LaFleur was right. It wasn’t about one play. The Packers’ loss Saturday night traced directly to general manager Brian Gutekunst’s strategy this spring. In an offseason defined by renewal, rebuilding around quarterback Jordan Love after trading Aaron Rodgers to the New York Jets, Gutekunst’s list of priorities was perhaps impossibly long. He couldn’t get to everything, specifically a veteran kicker and reinforcements at safety.
Gutekunst trimmed money at what can be a luxury position for young teams not expected to contend, choosing not to re-sign Mason Crosby. He waited until the seventh round of the draft to address a glaring need at safety, meaning there would be a hole on the back end of the Packers defense. No biggie. This was a rebuilding year with Love.
A rookie kicker wasn’t going to be lining up for field goals in January with a potential Super Bowl run on the line.
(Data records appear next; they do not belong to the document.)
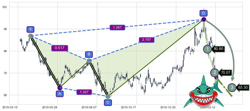 ➣ 已完成【鲨鱼】形态起点X: 2019-04-08, 终点D: 2020-02-20, 共220交易日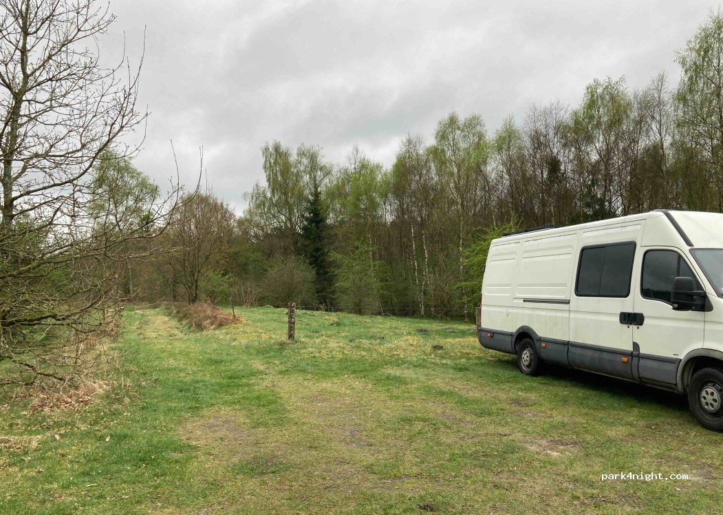 Pequeño estacionamiento para 1 o 2 furgonetas máximo. Cerca de una pequeña carretera que bordea el lago, con poco tráfico. Lugar al otro lado de la carretera, al borde de un pequeño prado boscoso.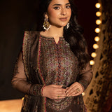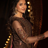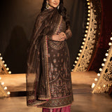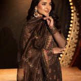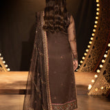 Rich and resplendent, this dark brown ensemble is a tapestry of earthy elegance and artistic finesse. The shirt is exquisitely embroidered with two-toned antique gold zari and shimmering light gold sequins, casting a warm, radiant glow. Threadwork in sage green, purple, rust, and deep beige hues flows across the fabric like a painter’s palette brushed with nature’s finest tones. The ensemble is thoughtfully paired with a floral-printed trouser in a contrasting hue, completed with an embroidered hem that adds a playful yet polished finish. A gorgeously embroidered dupatta ties the look together, echoing the ensemble’s intricate charm and creating a harmonious blend of allure and grace.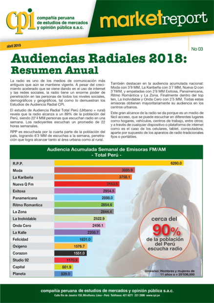 "El estudio de audiencia radial total Perú (urbano y rural) revela que la radio alcanza a un 89% de la población del Perú, siendo 22,4 milliones de personas que escuchan radio en una semana. Los radioyentes escuchan un promedio de 22 horas semanales. RPP es escuchada por la cuarta parte de la población del país, logrando 6,3 milliones de las escuchas a la semana, penetración que logra alcanzar tanto al área urbana como al rural." (Página 1)
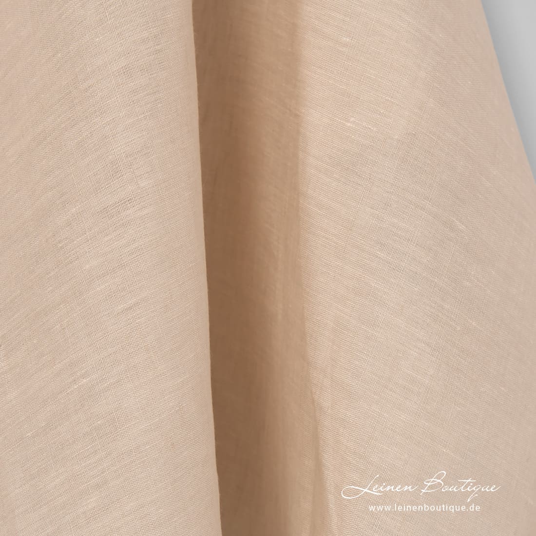 Leinenstoff sandfarbig. In ihm haben wir hellbraunes (taupe) und helles cremefarbenes (gelbliches) Garn zusammengewebt. Das Reinleinen ist leicht, reißfest, dicht.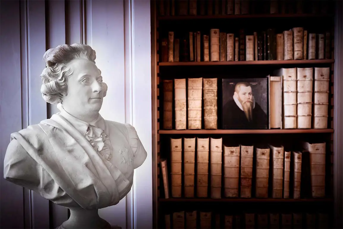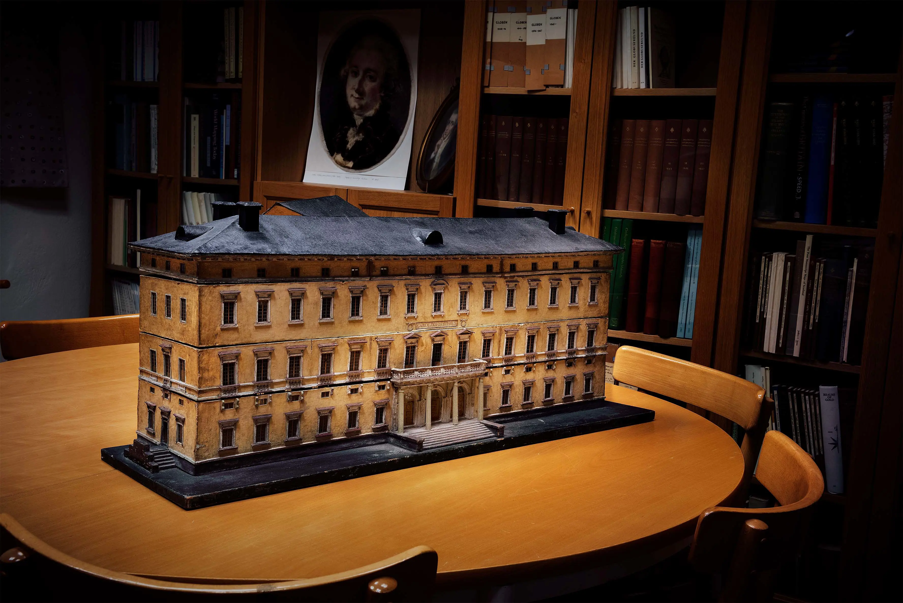 Gustav III testamenterade sitt privata arkiv till biblioteket. Porträttet i hyllan föreställer Hoegenskild Bielke vars boksamling finns här. Foto: Urban Jörén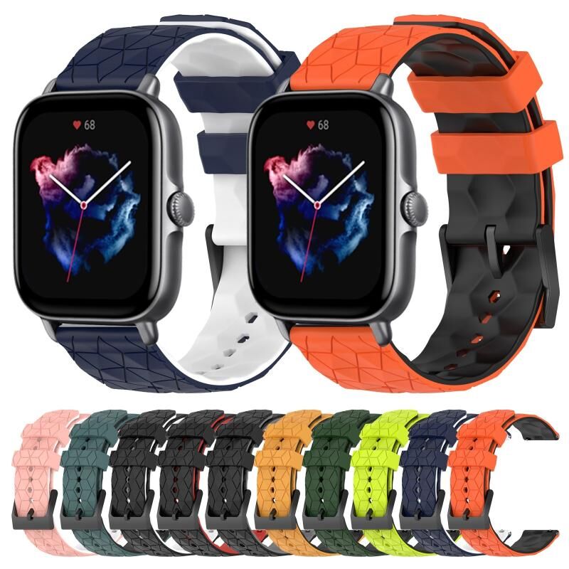Για Amazfit GTS 3 λουρί ρολογιού σιλικόνης διχρωμίας με υφή ποδοσφαίρου 20mm (Πορτοκαλί+Μαύρο)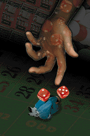 up and running for Japanese bettors. Will savvy gamblers want to bet with men like Eugene, whose site includes a winking picture of a monkey -- a joke portrait of him that people can click on to send him e-mail at bigkahuna@casino.org? The jury is still out. He is unquestionably a showman, but bristles at questions of his legitimacy, despite having been quoted referring to himself as "the Bugsy Siegel of the Internet." "I have seen hundreds of prospectuses across my desk for Internet gaming operations," says wagering expert Christiansen, who points out that the large established casino companies have avoided the Internet out of concern about jeopardizing their gaming licenses. "This may really move forward, and if we come back five years from now, two or three of these little guys may have figured out a model that works, and established consumer credibility," he predicts. Reformed gambler Wexler is praying Christiansen is wrong. As someone who knows the pitfalls of gambling in any forum, his advice is straightforward: "I think the safest thing you can do is just avoid these guys."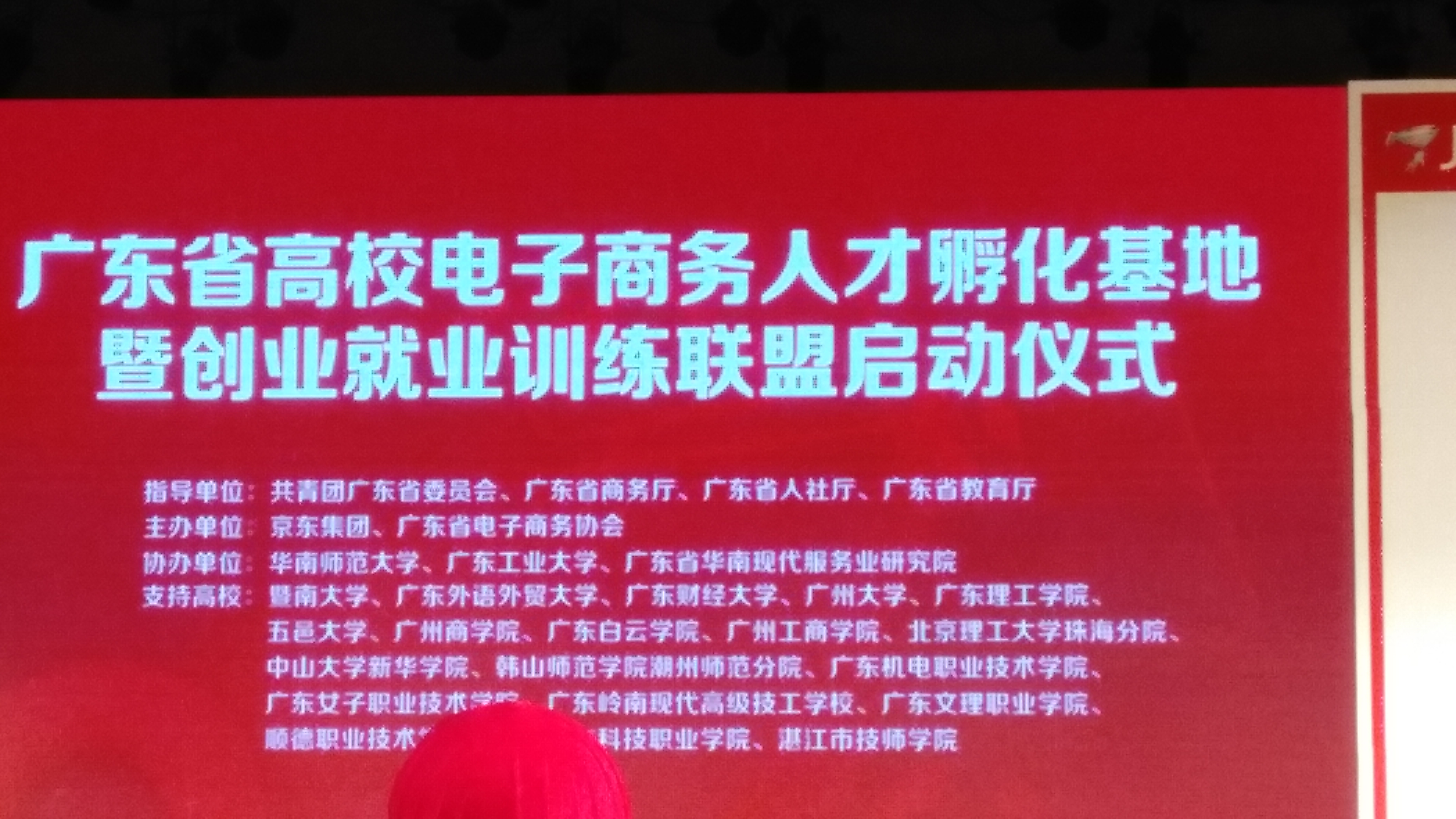 2016年4月15日,“广东省高校电子商务人才孵化基地暨创业就业训练联盟启动仪式”在华南师范大学广州大学城校区正式举行。共青团省委、省商务厅、省人社厅、省教育厅相关领导,京东集团,省电子商务协会,华师、广工等20多所高校代表出席本次启动仪式。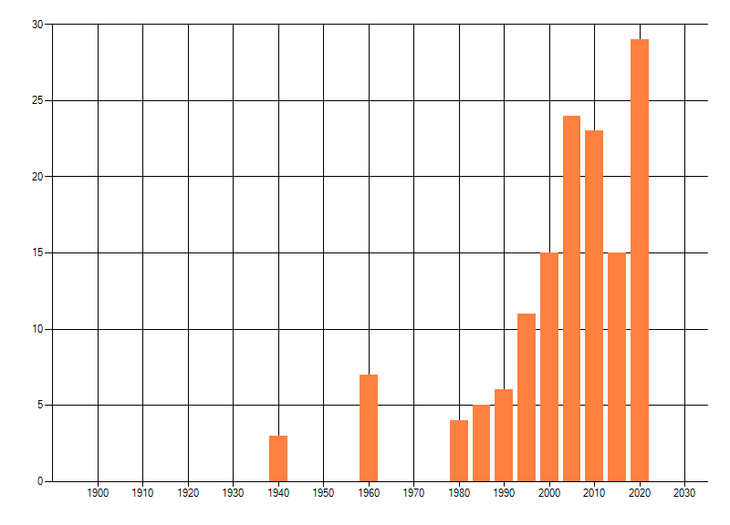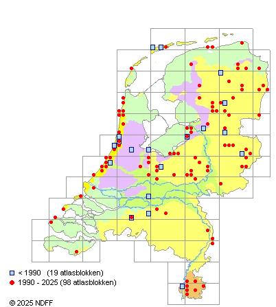 Het aantal atlasblokken (5x5 km) waarin de soort is gemeld binnen een periode van vijf jaar (vanaf 1980) of twintig jaar. Niet gecorrigeerd voor waarnemersinspanning en het aantal doorgegeven waarnemingen kan sterk variëren per periode, dus een trend in verspreiding kan hier niet direct uit worden afgelezen. Het opgegeven jaartal is het eerste jaar van de periode. Bron: gevalideerde waarnemingen uit de NDFF.

The Packers weren’t a blue-chip safety away from winning a championship.
Except, it turned out, they actually were.
LaFleur was right his team’s loss didn’t hinge on one kick, not only because this was more about offseason strategy, but also the explosive plays his safeties allowed on a night the Packers defense otherwise played well. There was safety Darnell Savage, dropping a potential pick-6 against Brock Purdy on the 49ers first drive. Again there was Savage, who declined to comment before leaving the postgame locker room, getting beat deep against 49ers tight end George Kittle on a 32-yard touchdown. Same play, there was safety Anthony Johnson Jr. – the rookie seventh-round pick – providing double coverage on 49ers receiver Brandon Aiyuk’s underneath route instead of helping cover Kittle deep.
Third-and-6 in the third quarter, there was safety Jonathan Owens allowing a wide-open catch to Kittle, then failing to tackle him in the open field before the tight end gained another 32 yards. One play later, there was Savage letting running back Christian McCaffrey run through his tackle for a 39-yard touchdown.
Kittle led the 49ers with 81 yards on his four catches. As the Packers move forward into their future now, the 49ers appear most directly in the way of Super Bowl contention. If not them, perhaps the Detroit Lions, whose offense got a major boost this season with rookie tight end Sam LaPorta.
It means getting better at safety this offseason, finding someone who can cover an elite tight end.
“He’s all right, man,” Owens said. “He tried to stiff arm me, but you’ve just got to get him down. It’s a want to, and it take everyone. Not just one person. If someone does miss – you never plan on missing – but if someone does miss, everyone running to the ball. That is what we tried to do.
“Yeah, it was tough, but it’s the NFL. Guys are going to make plays.”
Gutekunst should be lauded for how he built a roster, the NFL’s youngest chock-full of rookies and second-year players, that could make it this far, this fast. Nobody thought the Packers would be one of the NFL’s best teams in a season that was supposed to be a rebuild, but that’s where they finished. There’s no mistaking what the Packers are expected to do next season, a year in which they’ll return to their usual status as an NFC favorite. And there’s no uncertainty with what Gutekunst must do this spring for his team to get there.
It's the two things he didn’t do last spring: improve the kicking and safety positions.
“It’s tough to do it to these guys,” Carlson said. “That’s what hurts the worst. They’ve got a bright future ahead of them, but it definitely hurt.”